Tesla is pitching customers on a new rental offering for solar power as a way to revive the flagging fortunes of its renewable energy business.

Once among the largest installers of renewables in the country through SolarCity, Tesla has seen its share of the market decline significantly since its acquisition of SolarCity three years ago. In the second quarter Tesla deployed only 29 megawatts of new solar installations, while the number one and two providers of consumer solar, SunRun and Vivint Solar installed 103 megawatts and 56 megawatts respectively.

That’s likely one reason why Elon Musk took to Twitter early Sunday morning to pitch the new solar rental program.

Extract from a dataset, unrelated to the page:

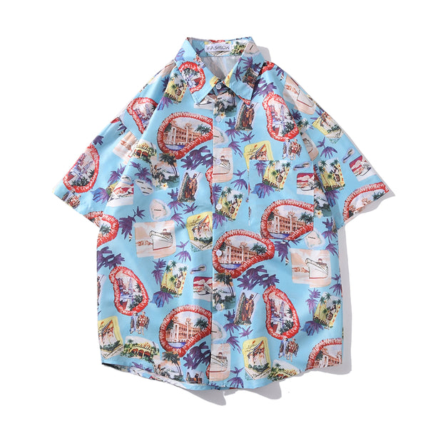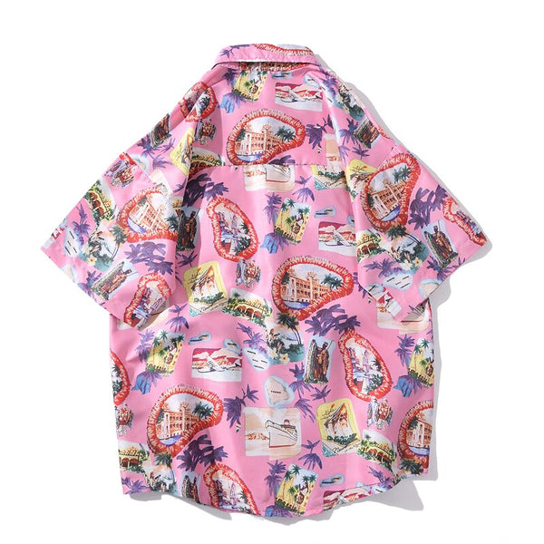 Summer Korean Flower Shirt Fashion Beach Holiday Pink Shirt Casual Mens Short Sleeve Hawaiian Shirts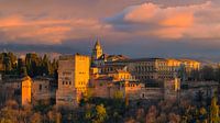 Een zonsondergang bij het Alhambra, een paleis gelegen in de stad Granada, in de regio Andalusië in het zuiden van Spanje. Het Alhambra is een van de beroemdste monumenten van de islamitische architectuur en een van de best bewaarde paleizen van de historische islamitische wereld, naast opmerkelijke voorbeelden van Spaanse renaissance-architectuur. Foto is gemaakt vanaf het beroemde uittzicht van Mirador de San Nicolas.

According to Musk, the new program is “like having a money printer on your roof” for potential customers who live in states with high energy costs. “Still better to buy,” Musk exhorted, “but the rental option makes the economics obvious.”

Unlike SunRun and Vivint, which both used partnerships with homebuilders and retailers like Home Depot, BJ’s Wholesale, Costco and Sam’s Club to acquire customers, Tesla slashed ended door-to-door marketing and abandoned its partnership with Home Depot. The company began relying almost entirely on direct sales to power its solar business and eschewed the no-money-down lease model, which SolarCity had used so effectively.

Under the new system, Telsa is offering customers the option to rent solar systems for anywhere from $65 for a small installation to $195 for its largest installation. Customers only need to pay a fully refundable $100 charge.

Tesla said the contract can be canceled any time, but it would charge users $1,500 to remove the system once it has been installed.

Tesla did not respond to a request for comment at the time of publication.